Your task is to copy the data exactly while leaving out every picture.

#### DATA
************

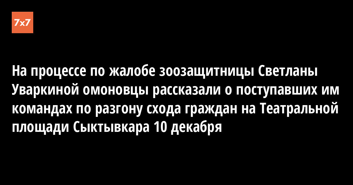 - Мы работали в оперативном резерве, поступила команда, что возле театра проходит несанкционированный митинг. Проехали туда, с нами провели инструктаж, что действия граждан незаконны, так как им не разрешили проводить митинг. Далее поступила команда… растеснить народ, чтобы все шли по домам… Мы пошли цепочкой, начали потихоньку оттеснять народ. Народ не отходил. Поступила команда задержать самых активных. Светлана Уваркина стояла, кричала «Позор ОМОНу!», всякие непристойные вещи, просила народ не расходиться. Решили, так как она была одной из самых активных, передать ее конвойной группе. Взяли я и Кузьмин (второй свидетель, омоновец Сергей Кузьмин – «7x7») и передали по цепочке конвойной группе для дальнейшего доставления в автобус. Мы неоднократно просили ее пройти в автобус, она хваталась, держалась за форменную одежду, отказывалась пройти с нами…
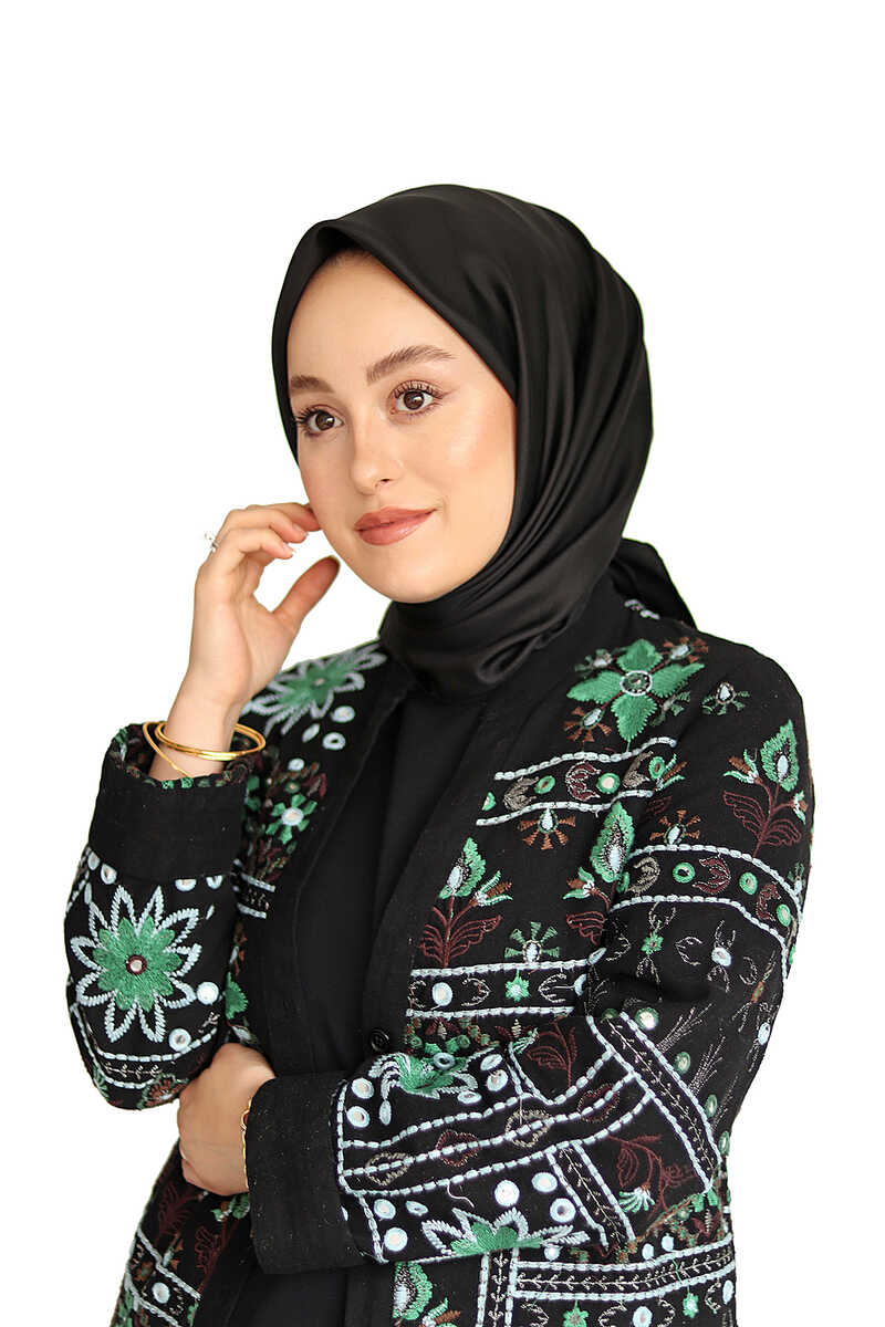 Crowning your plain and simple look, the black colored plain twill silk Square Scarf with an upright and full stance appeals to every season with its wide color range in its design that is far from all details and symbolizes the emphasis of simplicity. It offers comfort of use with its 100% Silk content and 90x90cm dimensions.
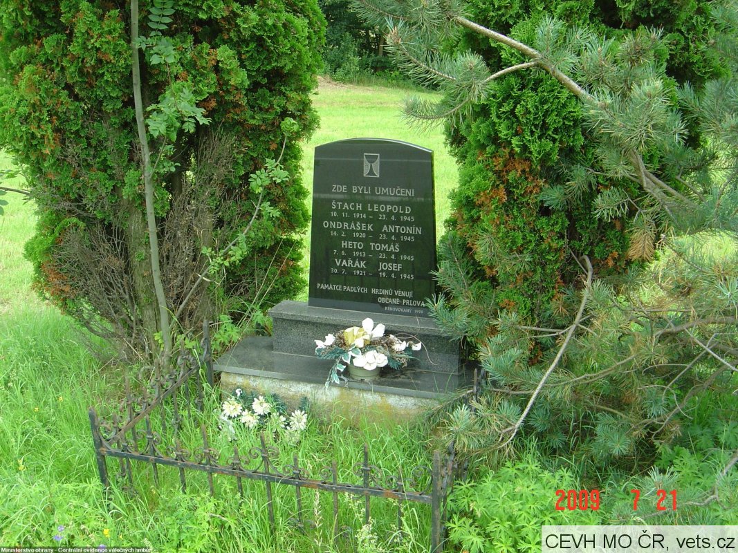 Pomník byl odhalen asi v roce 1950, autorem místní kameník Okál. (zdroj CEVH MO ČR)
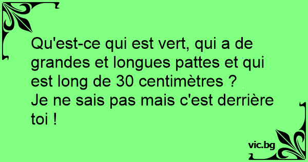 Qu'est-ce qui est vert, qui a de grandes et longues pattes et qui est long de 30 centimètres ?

************

#### RESPONSE
 - Мы работали в оперативном резерве, поступила команда, что возле театра проходит несанкционированный митинг. Проехали туда, с нами провели инструктаж, что действия граждан незаконны, так как им не разрешили проводить митинг. Далее поступила команда… растеснить народ, чтобы все шли по домам… Мы пошли цепочкой, начали потихоньку оттеснять народ. Народ не отходил. Поступила команда задержать самых активных. Светлана Уваркина стояла, кричала «Позор ОМОНу!», всякие непристойные вещи, просила народ не расходиться. Решили, так как она была одной из самых активных, передать ее конвойной группе. Взяли я и Кузьмин (второй свидетель, омоновец Сергей Кузьмин – «7x7») и передали по цепочке конвойной группе для дальнейшего доставления в автобус. Мы неоднократно просили ее пройти в автобус, она хваталась, держалась за форменную одежду, отказывалась пройти с нами…
 Crowning your plain and simple look, the black colored plain twill silk Square Scarf with an upright and full stance appeals to every season with its wide color range in its design that is far from all details and symbolizes the emphasis of simplicity. It offers comfort of use with its 100% Silk content and 90x90cm dimensions.
 Pomník byl odhalen asi v roce 1950, autorem místní kameník Okál. (zdroj CEVH MO ČR)
 Qu'est-ce qui est vert, qui a de grandes et longues pattes et qui est long de 30 centimètres ?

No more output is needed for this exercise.